Three numbers are in the ratio 2:3:4. The sum of their cubes is 0.334125. How do you find the numbers?

3 Answers
Jul 11, 2016

Answer:

The 3 numbers are: #0.3, 0.45, 0.6#

Explanation:

The question says there are three numbers but with a specific ratio. What that means is that once we pick one of the numbers, the other two are known to us through the ratios. We can therefore replace all 3 of the numbers with a single variable:

#2:3:4 implies 2x:3x:4x#

Now, no matter what we choose for #x# we get the three numbers in the ratios specified. We are also told the sum of the cubes of these three numbers which we can write:

#(2x)^3+(3x)^3+(4x)^3 = 0.334125#

distributing the powers across the factors using #(a*b)^c = a^c b^c# we get:

#8x^3+27x^3+64x^3 = 99x^3 = 0.334125#

#x^3 = 0.334125/99 = 0.003375#

#x = root(3)0.003375 = 0.15#

So the 3 numbers are:

#2*0.15, 3*0.15, 4*0.15 implies 0.3, 0.45, 0.6#

Jul 11, 2016

Answer:

The nos. are, #0.3, 0.45, and, 0.6#.

Explanation:

Reqd. nos. maintain ratio #2:3:4#. Therefore, let us take the reqd. nos. to be #2x, 3x, and, 4x.#

By what is given, #(2x)^3+(3x)^3+(4x)^3=0.334125#

#rArr 8x^3+27x^3+64x^3=0.334125#

# rArr 99x^3=0.334125#

# rArr x^3=0.334125/99=0.003375=(0.15)^3...................(1)#

# rArr x=0.15#

So, the nos. are, #2x=0.3, 3x=0.45, and, 4x=0.6#.
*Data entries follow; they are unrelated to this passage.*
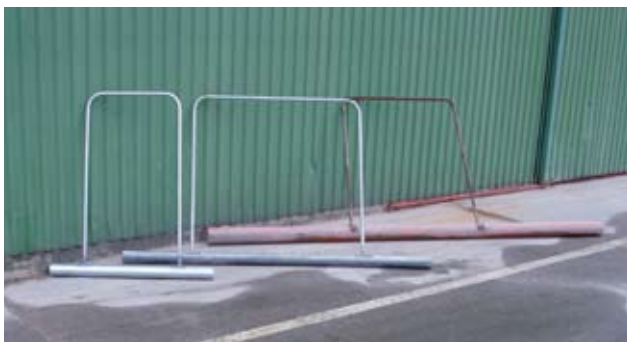
Figur 7. Udvalg af juttere.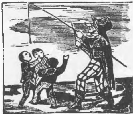
Disfressa que fa ballar la figuereta, segons una auca de festes i costums de Barcelona del segon terç del segle XIX

Cada dia hi havia passades amb música, que feia el volt gros de la vila, per anar a raure al ball a on la gent disfressada semblava presa de la follia de viure. Tothom furgava per les velles caixes de roba o armaris buscant vestits vells per abillar-se. A moltes cases benestants prestaven vestits i capells a la gent que els en demanava. Alguns s'havien fets famosos perquè no fallaven cap any. Una disfressa molt corrent i que era molt abundosa, era la que en deien de "frare". Es posaven una coixinera blanca al cap, fent de caputxa, i lligada al coll amb una veta. Del coll en avall es posaven uns enagos blancs de dona i de cintura en avall uns altres, la cara enfarinada o bé amb una careta.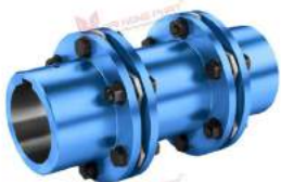
Khớp nối đĩa thép N-Arplex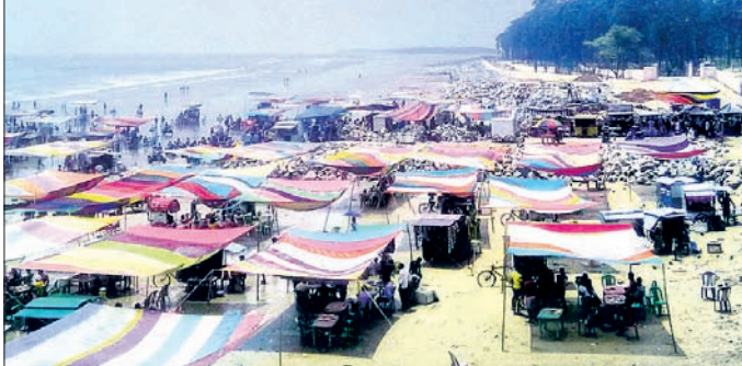
ତାଳସାରୀ ଓ ଉଦୟପୁର ବେଳାଭୂମିରେ ପର୍ଯ୍ୟଟକଙ୍କ ଭିଡ଼

ମଙ୍ଗଳବାର ବଡ଼ଦିନ। ଏଥିମଧ୍ୟରେ ଓଡ଼ିଶାର ସମସ୍ତ ସୈକତ ଉଦୟପୁର, ତାଳସାରୀ, ବିଚିତ୍ରପୁର-ଖଡ଼ିବିଲ୍ ଇତ୍ୟାଦି ଭୂମିକିମ୍ପ ସହିତ 'ଦୀଦା' ବେଳାଭୂମିରେ ଲକ୍ଷାଧିକ ପର୍ଯ୍ୟଟକଙ୍କ ଆଗମନ ହୋଇଛି। ଦୀଦାରେ ସହସ୍ରାଧିକ ହୋଟେଲ, ତାଳସାରୀ ଓ ବି.ଡି.ସି.ରେ ଆଧୁନିକ ବିଦ୍ୟୁତ୍ ରଙ୍ଗବେରଙ୍ଗର ଆଲୋକମାଳାରେ ପର୍ଯ୍ୟଟକମାନଙ୍କୁ ଆକୃଷ୍ଟ ପାଇଁ ସଜ୍ଜିତ କରାଯାଇଛି। ରବିବାର ଓ ସୋମବାର ସରକାରୀ ଛୁଟି ଥିବାରୁ ପର୍ଯ୍ୟଟକମାନେ ଦୂରଦୂରାନ୍ତରୁ ଏଠାକୁ ଆସିଛନ୍ତି। ଜଳେଶ୍ୱର-ଚନ୍ଦନେଶ୍ୱର-ବର୍ତ୍ତର ରାସ୍ତା ଚାରିଦିନିଆ ଯାନର ଲମ୍ବା ଲାଇଟ୍ ଲାଗିଛି। ଆଜିଠୁ ଓଡ଼ିଶାର ଅନନ୍ୟ ବେଳାଭୂମି ତାଳସାରୀ, ଉଦୟପୁର ଖାଉଁ ଜଙ୍ଗଲରେ ଭୋଜିଭାତ, ପାନୀୟର ଆସର ଜମିଛି। ଏଥିସହିତ ପ୍ରସିଦ୍ଧ ଶ୍ରେଣୀପୀଠ ଚନ୍ଦନେଶ୍ୱର ମହାଦେବ, ସର୍ବବୃହତ୍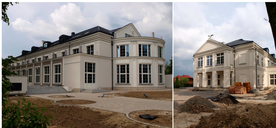
Ryc.4. Budynek „Sokoła” po przebudowie – stan istniejący 2014r. (autor: T. Huk)

usuwania architektury dokumentującej daną epokę i zastępowania oryginalnej architektury imitacją.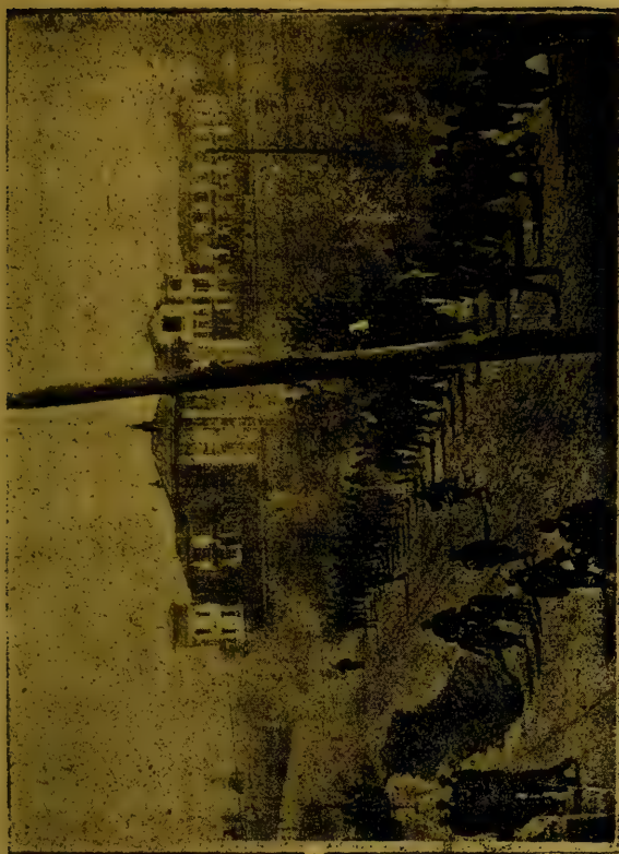
حرکت و حرکت اردوی طرفین نسیم آذان استانبول عسکرینک تحت الحفظ سوقلری.

بلوکاری کوندرمش-لردی . قطعته کزیده بولنان قسم کایسی ( اسپارطه قله ) ده بولنان مرکز اجتماعدن اعتباراً خط مستقیم استقامتده ایلریله مشدی . صول جناحی وادی به طوغری امتداد ایدیوردی .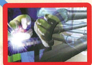
Maintenance Industrielle On/Offshore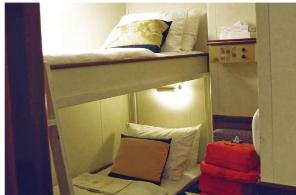
Cabine Catégorie 6

Petit déjeuners et déjeuners sont servis sous forme de buffet à thème au Restaurant. Le dîner est servi « à la carte » dans le Restaurant. Un bar est à disposition toute la journée !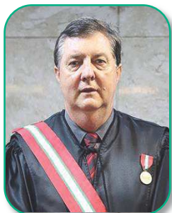
Desembargador Nivaldo Stankiewicz Corregedor-Regional

Ao primeiro dia do mês de junho do ano de dois mil e vinte e três, o Excelentíssimo Desembargador do Trabalho Corregedor-Regional Nivaldo Stankiewicz esteve no Setor de Apoio à Gestão Administrativa do Foro Trabalhista e Central de Mandados de Brusque-SC, para a realização da Correição Ordinária objeto do Edital de Correição n.º 4/2023, disponibilizado no DEJT e no portal da Corregedoria em 27-4-2023.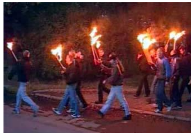
Скинхеды. Факельное шествие в Петербурге.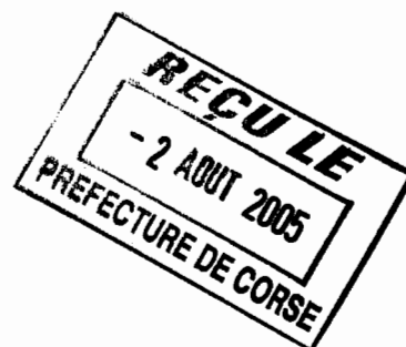
Camille de ROCCA SERRA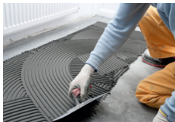
Colle à carrelage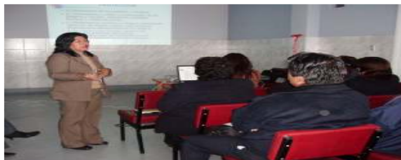
Foto N°23: Responsable Salud Ocupacional Hospital A. Lorena - DIRESA Cuzco en la presentación del estudio Base Social Trabajadores de Salud del Hospital, perfil de riesgos ocupacionales y perfil epidemiológico.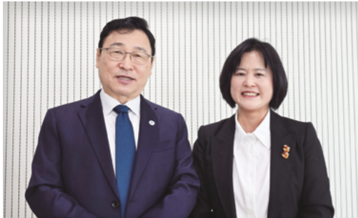
정근식교육감과 GTX-B 환기구 설치반대 학부모 주민 면담 성사

24시간 미세먼지·분진·화학오염 물질을 배출하여 아이들의 등하굣길 안전을 위협하는 GTX-B 환기구 설치. 단 한 번의 주민 설명회도 없이 일방적으로 추진하는 행정에 맞서고 있습니다. 정근식 교육감으로부터 ‘교육환경평가법 검토 지시’를 이끌어냈습니다. 그 실천력으로 우리 아이들의 건강권과 학습권을 끝까지 책임지고 지키겠습니다.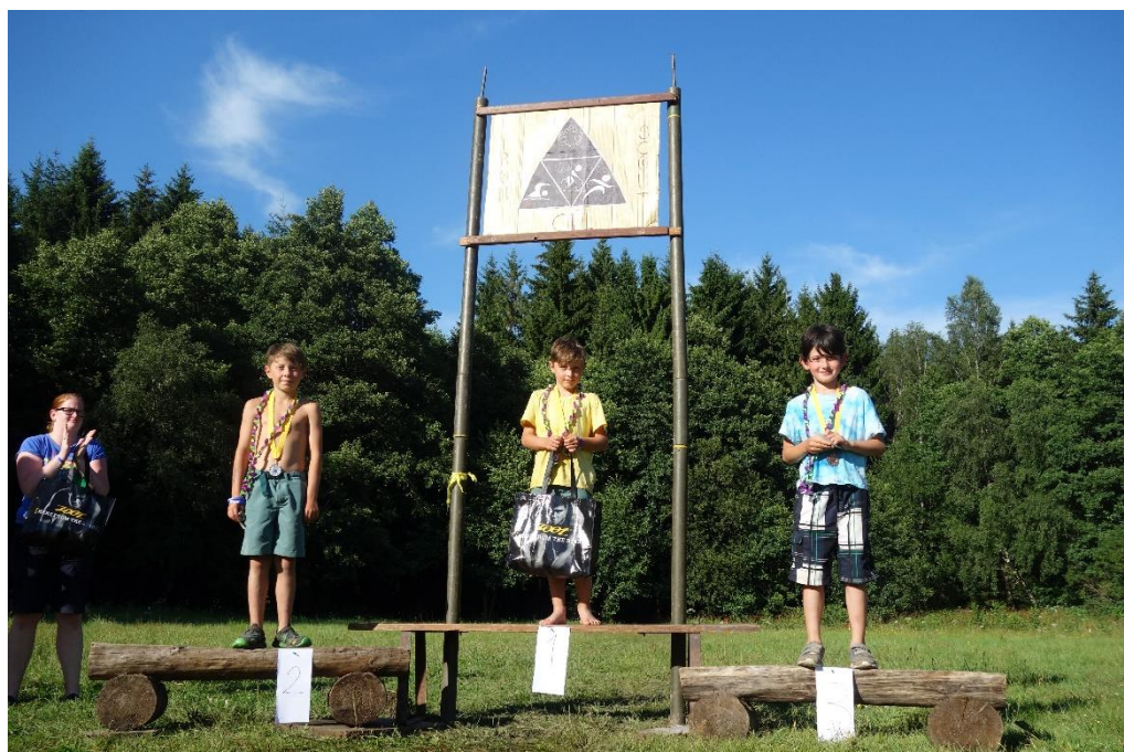
Vyhlášení vítězů skautského triatlonu Iron Scout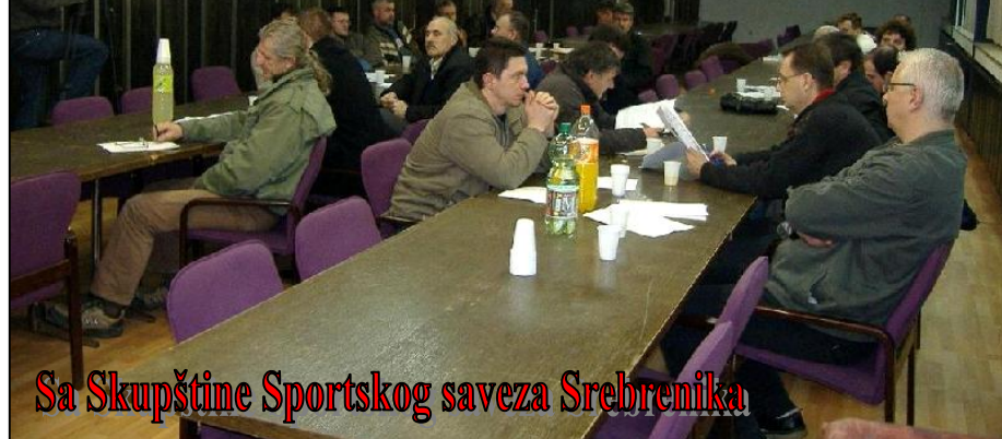
Sa Skupštine Sportskog saveza Srebrenika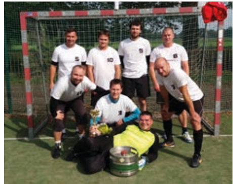
Košatecká fotbalová liga – stříbrný tým Staré Vsi n. O. Bílý úlet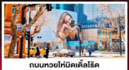
ถนนหยอไห่มีดเคิลโรด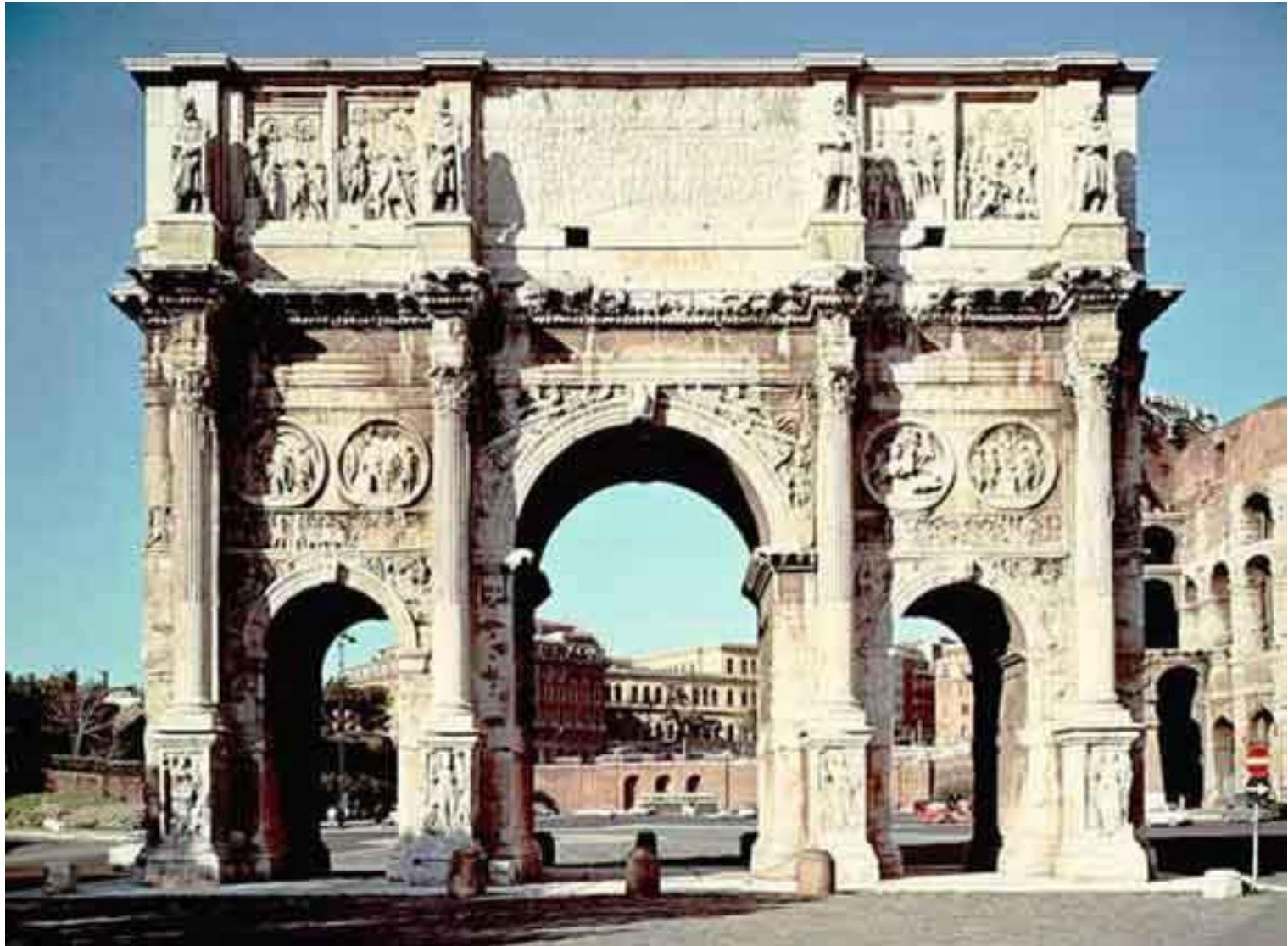
АРКА КОНСТАНТИНА (315 н.э.).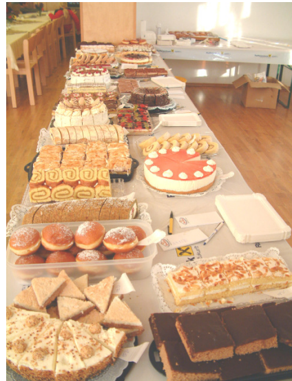
Mit frischgebackenen Mehlspeisen werden die Besucher des Bauernmarktes verwöhnt

Ein interessantes Rahmenprogramm, wie der Frühschoppen im Jugendgästehaus am Vormittag und die Dichterlesung heimischer Poeten umrahmt von heimischer Volksmusik am Nachmittag, lassen einen gemütlichen Sonntag in Sallingstadt erwarten.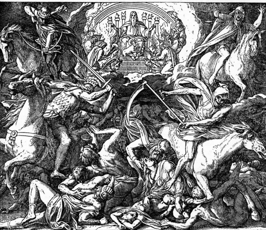
Beránek otvírá prvních šest pečeti. Zj. 6, 1. - 17.

oblečena v jemné plátno, bílé, čisté... Na rouchu, a to na bedru svém, má napsáno: Král nad králi a pán nad pány“. Zjev. 19, 11 — 16 Tu Ježíš Kristus již není sám. Doprovází Ho spolubojovníci, kterým dal podíl na boji i na vítězství nad národy.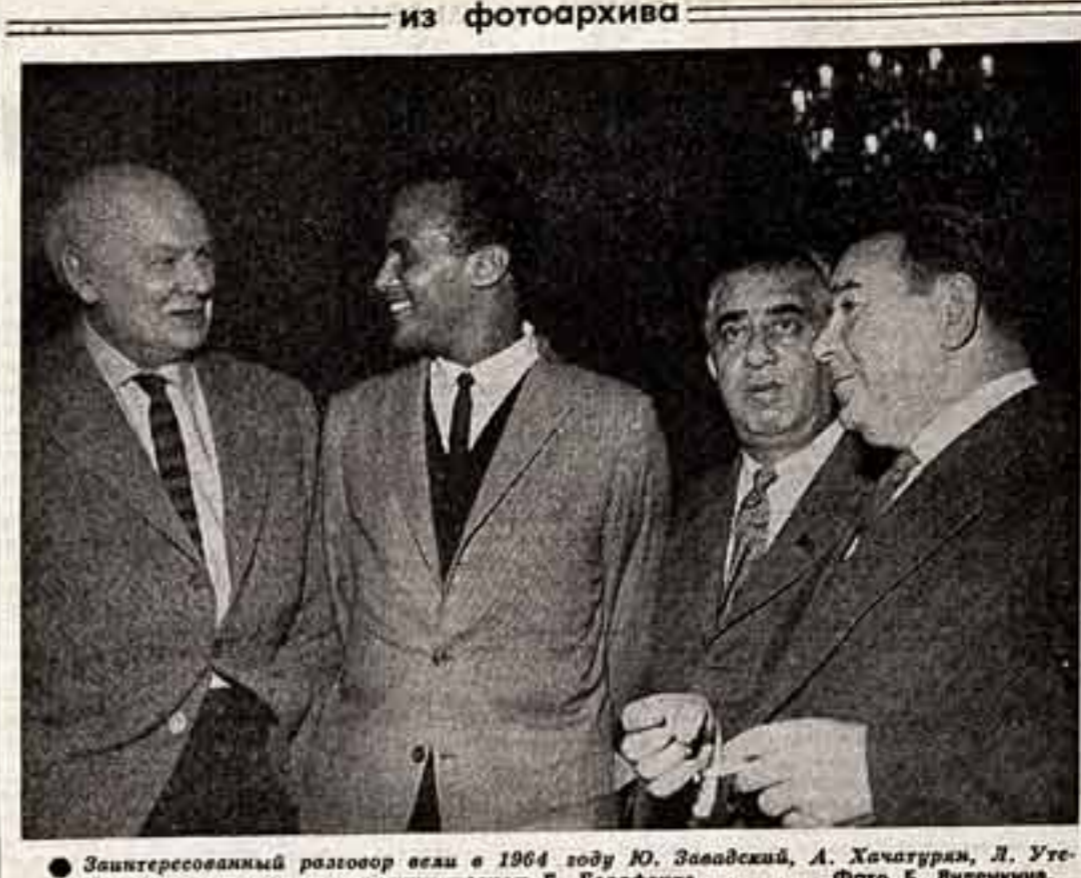
Зантересованный разговор вели в 1964 году Ю. Завидский, А. Качатурян, Л. Утегов с прогрессивным американским летчиком Г. Белфонте.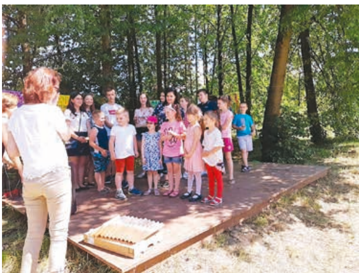
Wspólny występ młodych artystów – podopiecznych Szkoły Podstawowej w Orzeszkowie.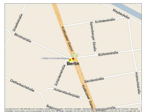
Schönleinstr. 35/Kottbusser Damm 13, 10967 Berlin

Dieses freibleibende Angebot ist für den Mieter provisionsfrei. Irrtum und Zwischenvermietung vorbehalten.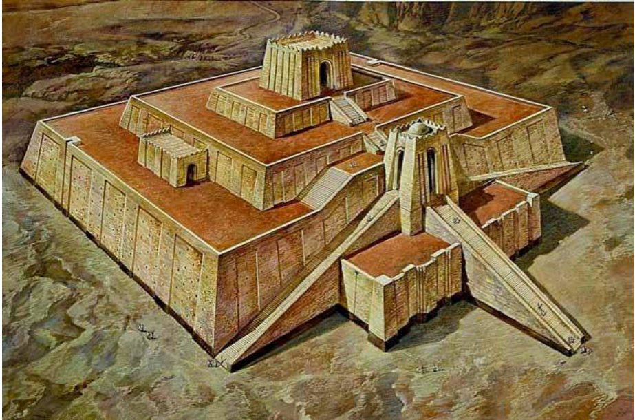
Ուր քաղաքի Ջիկուրաբը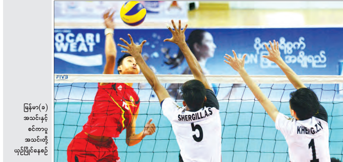
မြန်မာ(ခ) အသင်းနှင့် စင်ကာပူ အသင်းတို့ ယှဉ်ပြိုင်နေစဉ်

ပထမနေ့ပွဲစဉ်များ ဆက်လက်ကျင်းပရာ မြန်မာ(ခ)၊ ထိုင်းနှင့် အင်ဒိုနီးရှားအသင်းတို့ အနိုင်ရရှိခဲ့သည်။ မြန်မာ(ခ)အသင်းသည် အုပ်စု(က)တွင် ပါဝင်နေပြီး စင်ကာပူအသင်းနှင့် ပွဲဦးထွက်ပွဲစဉ် ယှဉ်ပြိုင်ကစားခဲ့ရာ သုံးပွဲပြတ်အနိုင်ရခဲ့ခြင်းဖြစ်သည်။ မြန်မာအသင်းသည် စင်ကာပူအသင်းကို ၂၅-၁၅ မှတ်၊ ၂၅-၂၃ မှတ်၊ ၂၅-၁၄ မှတ်တို့ဖြင့် သုံးပွဲပြတ်အနိုင်ရခဲ့ခြင်းဖြစ်သည်။ အခြားပွဲစဉ်တွင် ထိုင်းအသင်းက နယူးဇီလန်အသင်းကို ၂၅-၇၊ ၂၅-၂၂ မှတ်(၂၅-၉)ဖြင့် သုံးပွဲပြတ်၊ အင်ဒိုနီးရှားအသင်းက မော်လ်ဒိုက်အသင်းကို ၂၅-၁၆၊ ၂၅-၉၊ ၂၅-၆ မှတ်တို့ဖြင့် သုံးပွဲပြတ်ဖြင့် အနိုင်ရရှိခဲ့ကြောင်း သိရသည်။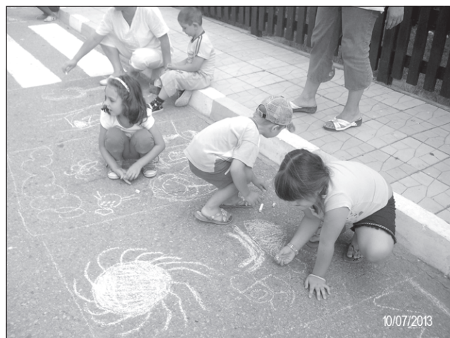
Децата от ЦДГ "Атанас Дамянов" - Оризари рисуваша на асфалт своите любими животни, цветя и герои от приказки.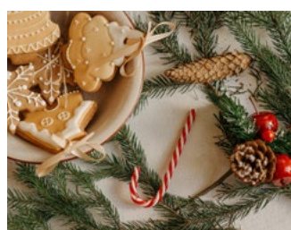
3 Tips voor de bv en de dga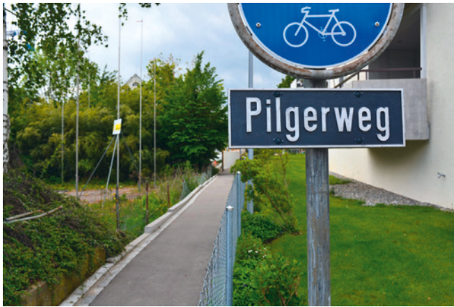
Heute präsentiert sich der Zugang zum alten Pilgerweg in Bendlikon, beim Beginn der Dorfstrasse, ganz unauffällig.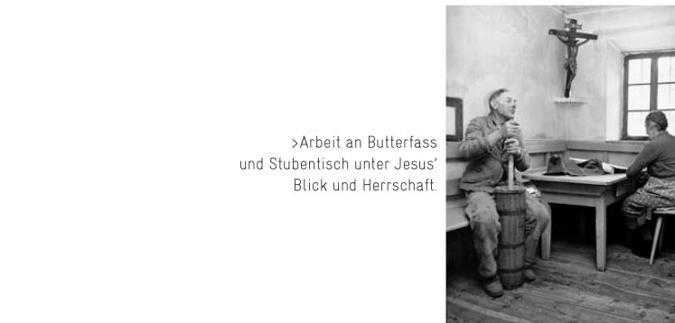
> Arbeit an Butterfass und Stubentisch unter Jesus' Blick und Herrschaft.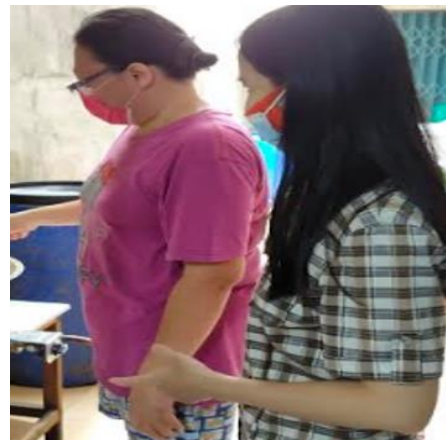
Gambar 4. Diskusi dengan mitra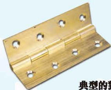
典型的對槽式門鉸

門鉸數量視乎門的尺寸和重量而定。理想地說，門與門框之間最少應由三個銅、黃銅或青銅製的門鉸連接，而門鉸之間的距離亦須平均。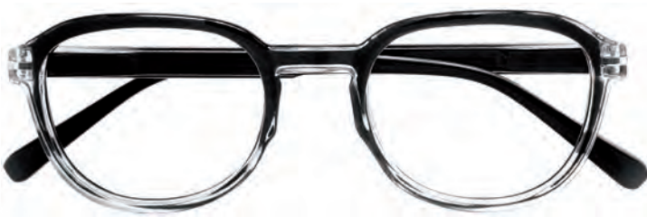
Mod. Shot nero cangiante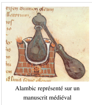
Alambic représenté sur un manuscrit médiéval

This soln. is in #RR#, but, for that in #CC#, we can solve eqn.(1) as under :-

#x^3-0.15^3=0 rArr (x-0.15)(x^2+0.15x+0.15^2)=0#

#rArr x=0.15, or, x={-0.15+-sqrt(0.15^2-4xx1xx0.15^2)}/2#

#rArr x=0.15, x={-0.15+-sqrt(0.15^2xx-3)}/2#

#rArr x=0.15, x=(-0.15+-0.15*sqrt3*i)/2#

#rArr x=0.15, x=(0.15){(-1+-sqrt3i)/2}#

#rArr x=0.15, x=0.15omega, x=0.15omega^2#

I leave it to you to verify if complex roots satisfy the given cond. - hoping that you'll enjoy it!

Jul 11, 2016

Answer:

Slightly different approach.

#"First number: "2/9a->2/9xx27/20 = 3/10 -> 0.3#

#"Second number: "3/9a-> 3/9xx27/20=9/20->0.45#

#"Third number: "4/9a->4/9xx27/20=3/5->0.6#

Explanation:

We have a ratio which is splitting the whole of something into proportions.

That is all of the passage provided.